Nell'Europa dilaniata dalle guerre di religione, vincolata dal principio del
cuius regio eius religio (in virtù del quale i sudditi erano tenuti a
professare lo stesso credo dei loro sovrani), da più parti si avvertì
l'esigenza di tutelare la varietà delle confessioni e delle forme di culto,
anche di quelle socialmente minoritarie.
Lo strumento
teorico a cui venne affidato il riconoscimento di questa diversità fu la
nozione di tolleranza, teorizzata tra il XVII e il XVIII secolo da diversi
intellettuali. Tra questi, il filosofo inglese John Locke (1632-1706), nel
Saggio sulla tolleranza (1667) e più ancora nella Lettera sulla tolleranza
(1689), affermò che, nel disciplinare la vita sociale, la legge dello Stato
deve arrestarsi di fronte a quelle sfere di pensiero e di attività in cui ogni
persona può far valere le proprie preferenze e convinzioni: tali sono le
decisioni della vita privata , ma anche le opinioni filosofiche e le pratiche
religiose. In altre parole, ogni persona deve poter scegliere liberamente in
quale Dio credere e in quali forme esercitare il proprio culto, purché
naturalmente le sue credenze e le sue pratiche non si traducano in
comportamenti pericolosi per la comunità.
Lungi dall'incrinarlo,
l'appello alla tolleranza religiosa trova un'agevole collocazione proprio
all'interno del principio di uguaglianza: esso esprime infatti l'uguale
posizione, nei confronti della legge, di ogni forma di culto e degli individui
che lo praticano. Tuttavia, nel momento in cui stigmatizzava la pretesa di ogni
credo di porsi come unico e indiscusso depositario della verità, esso suggeriva
non solo l'esistenza di molte forme tra loro diverse e irriducibili l'una
all'altra, in cui un individuo poteva vivere autenticamente la propria
esperienza religiosa, ma anche che tale diversità, anziché essere un fattore
negativo o perturbante, poteva trasformarsi in strumento di confronto e di
crescita.
Il Novecento:
relativismo e movimenti sociali
Nel corso del XX
secolo, nuove acquisizioni hanno conferito all'idea di "diversità"

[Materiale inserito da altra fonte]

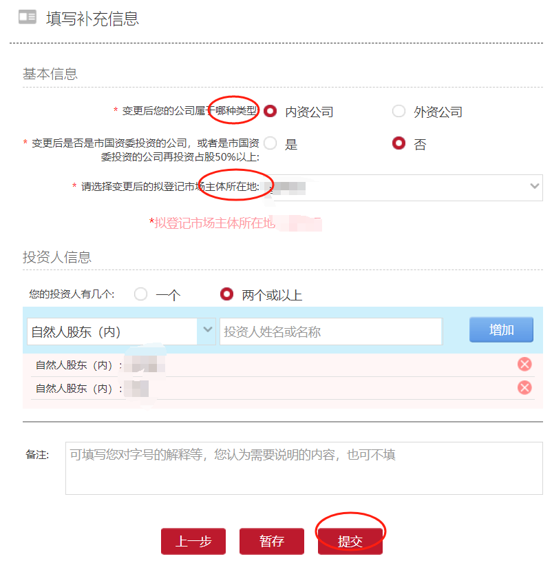根据公司实际情况,填报公司类型、是否国资占股,选择注册地区。
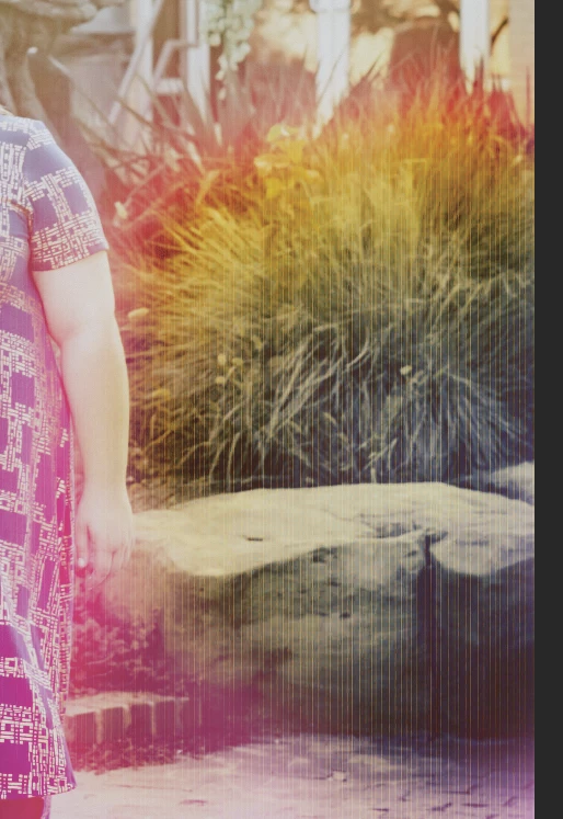 fcontrast. The blue layer has much greater loss of contrast, and this extends into the woman's arm and dress, as well as further down into the brick pavers.The red channel has gotten inverted, and the problem continues even further towards the bottom than the blue channel.
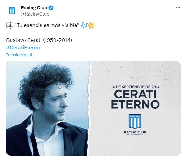 Incluso, el día de su fallecimiento y posteriormente en sus cumpleaños o aniversarios luctuosos, Racing suele recordarlo con mensajes en sus redes sociales
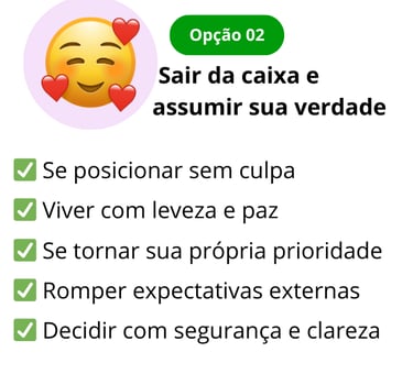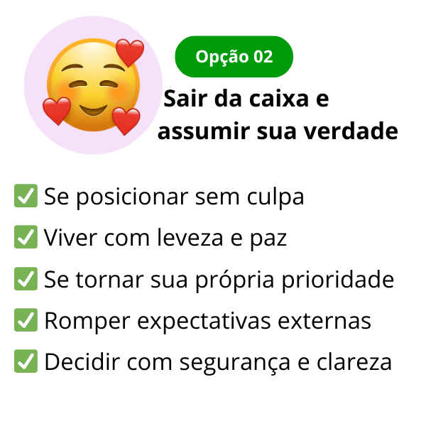 ✅ Sente que existe uma versão sua mais leve, mais verdadeira e mais segura… mas ela ainda está “presa dentro da caixa”.
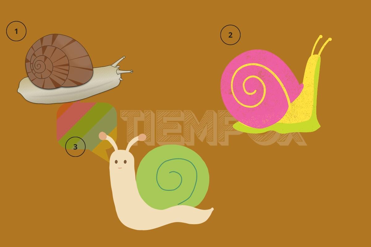 Lo primero que debes hacer es respirar profundo y observar la imagen detalladamente, luego debes elegir uno de los tres caracoles que aparecen a continuación.
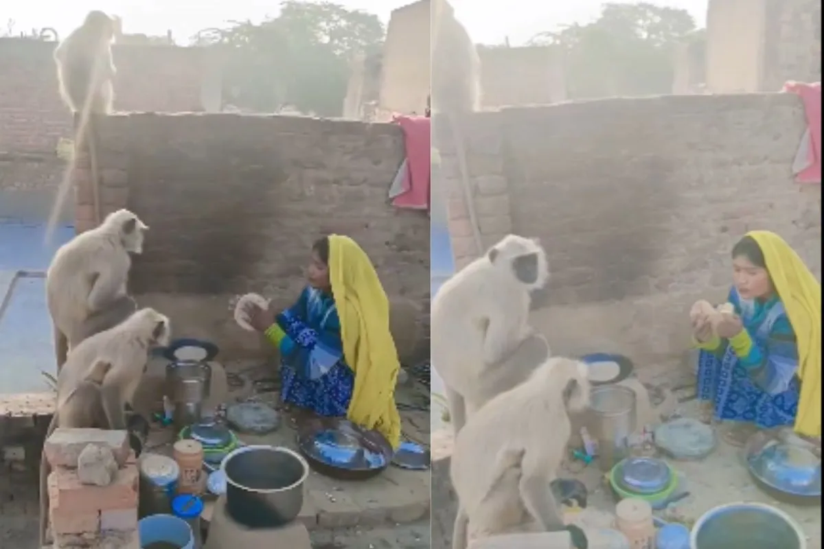 Viral Video: Bhuta Yajna has originated since Vedic times. During those times, householders used to perform it to feed insects, birds and animals. But those who are religious still believe in this practice to get benevolence in their lives. This video lays focus on a woman, who is not handing out hot ‘Rotis’ to langurs, but also blowing air into them to cool them so that langurs’ tongues do not get burned. It seems that this woman is highly religious and follows her ancient culture.
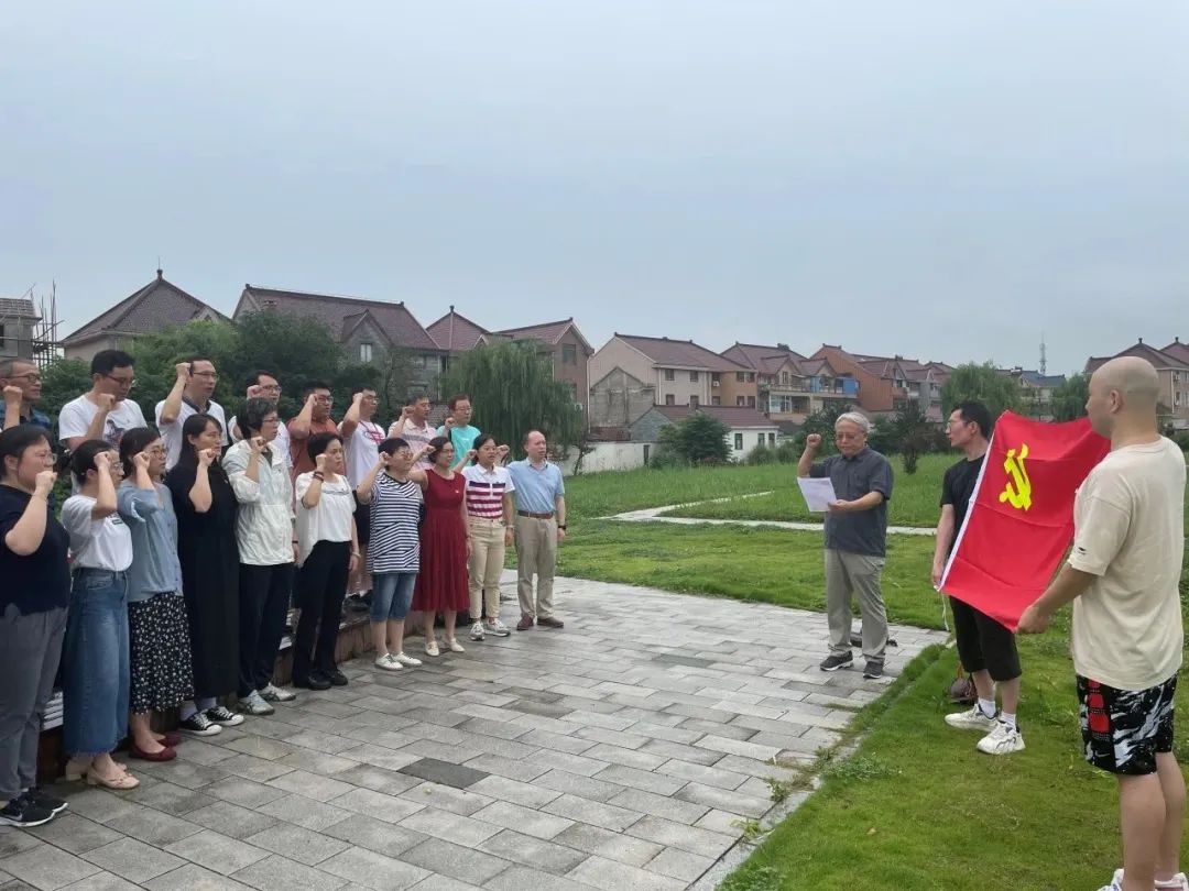 随后党员们前往聚源桥村红色文化展览馆。这是解放上海战役打响第一枪的地方。先烈们为上海的解放壮烈牺牲。通过回望战争历史,希望党员们能够更加珍惜今天的和平与幸福。参观结束后,党员们在纪念雕塑前重温了入党誓词。流淌着红色血脉的聚源桥村也是我国乡村振兴发展的示范村,近年已成功完成农业主业的转型发展,其中的果蔬、花卉香料、多肉植物园多个品种争奇斗艳、芬芳四溢,现场的直播平台销售火热。党员们切实感受到了在党的领导下,现代乡村的沧桑巨变和迅速发展。
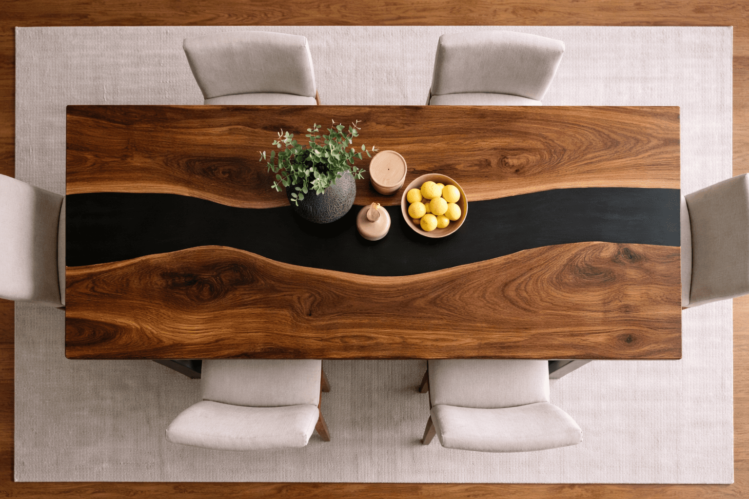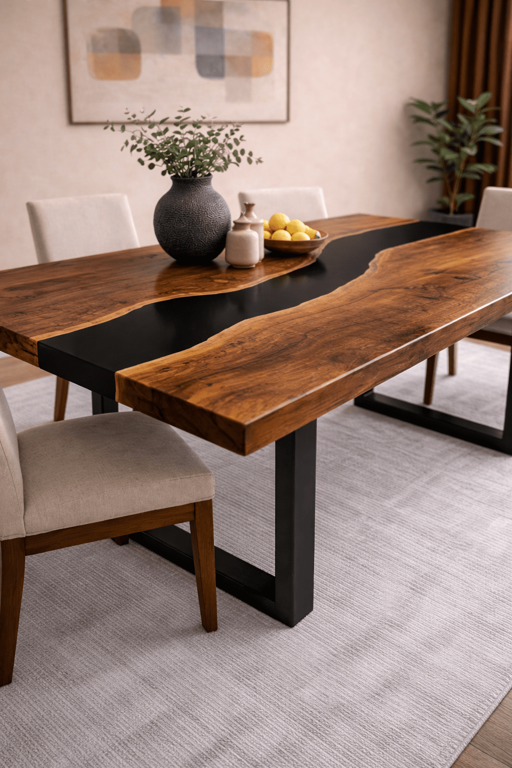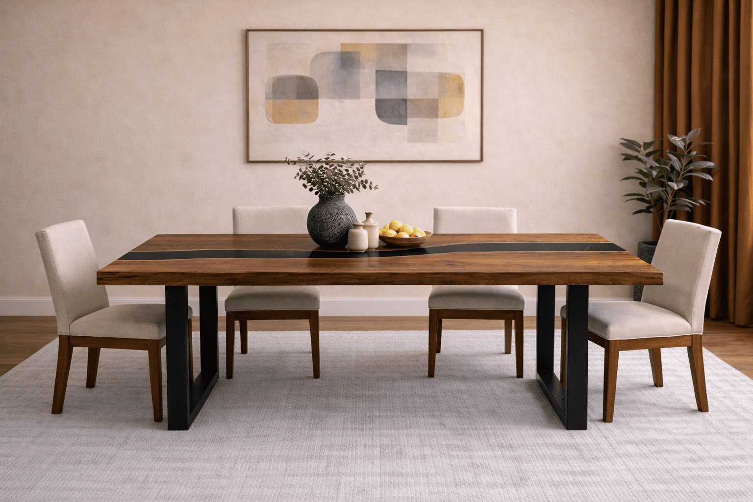 The Fulton Dining Table combines live edge hardwood slabs with a bold epoxy river to create a striking, one-of-a-kind design. Natural grain patterns and organic edges bring warmth and movement, while the dark epoxy center adds depth and contrast. Supported by clean steel legs and built by hand in Chicago, each piece is made to order and designed to make a statement in any dining space.

una forza sempre maggiore:
• la
consapevolezza dell'impossibilità di assurgere a una prospettiva unificante
della realtà ha suggerito che la pluralità delle interpretazioni e dei
linguaggi a cui la filosofia e la scienza si affidano è una caratteristica
ineludibile di ogni rapporto dell'uomo con il mondo;
• Lo sviluppo
delle scienze sociali, in primo luogo della sociologia e dell'antropologia, ha
reso coscienti di come la stessa realtà quotidiana sia il prodotto di
costruzioni e pratiche simboliche che variano sensibilmente a seconda del
contesto socio-culturale in cui si vive.
Ma a connotare
positivamente l'idea di "diversità" ha contribuito, nell'arco del
Novecento, anche la riflessione condotta dai più importanti movimenti sociali,
che, lottando per ottenere visibilità, spesso hanno avvertito la necessità di
ribadire la propria distanza dalle norme e dai modelli socialmente vigenti.
Per comprendere
che cosa ciò significhi si può considerare
il movimento femminista: nato con l'intento di emancipare le donne da
uno stato di subordinazione giuridica e sociale (e quindi di ottenere una
semplice "uguaglianza" di diritti), in un secondo momento esso è
giunto a sottolineare positivamente e con forza la specificità della realtà
femminile e ad additare nell'universo simbolico che caratterizza le donne
un'alternativa all'ideologia patriarcale del mondo occidentale. Analoghe prese
di coscienza si sono verificate all'interno di altri gruppi socialmente
minoritari, come gli omosessuali o i disabili, che hanno rivendicato la loro
distanza dai paradigmi socialmente condivisi rispettivamente della sessualità e
della cosiddetta "normalità".
Nero è bello
Le ansie del giovane Malcolm X riflettevano probabilmente un atteggiamento che rimase a lungo diffuso in buona parte della popolazione afroamericana, come attestano anche alcuni studi compiuti in merito da studiosi dell'area psico-sociale, tra i quali una nota ricerca condotta negli anni Quaranta del Novecento dallo studioso statunitense Kenneth Clark ( 1914-2005) e da sua moglie Mamie Phipps Clark (1917-1983) su un gruppo di bambini di colore. Ai bimbi venivano presentati, per un'attività di gioco, diversi tipi di bambole, alcune bianche, altre nere. Pur riconoscendo la propria somiglianza con queste ultime, la maggior parte dei bambini preferiva giocare con le bambole bianche, ritenendole "più belle" delle altre.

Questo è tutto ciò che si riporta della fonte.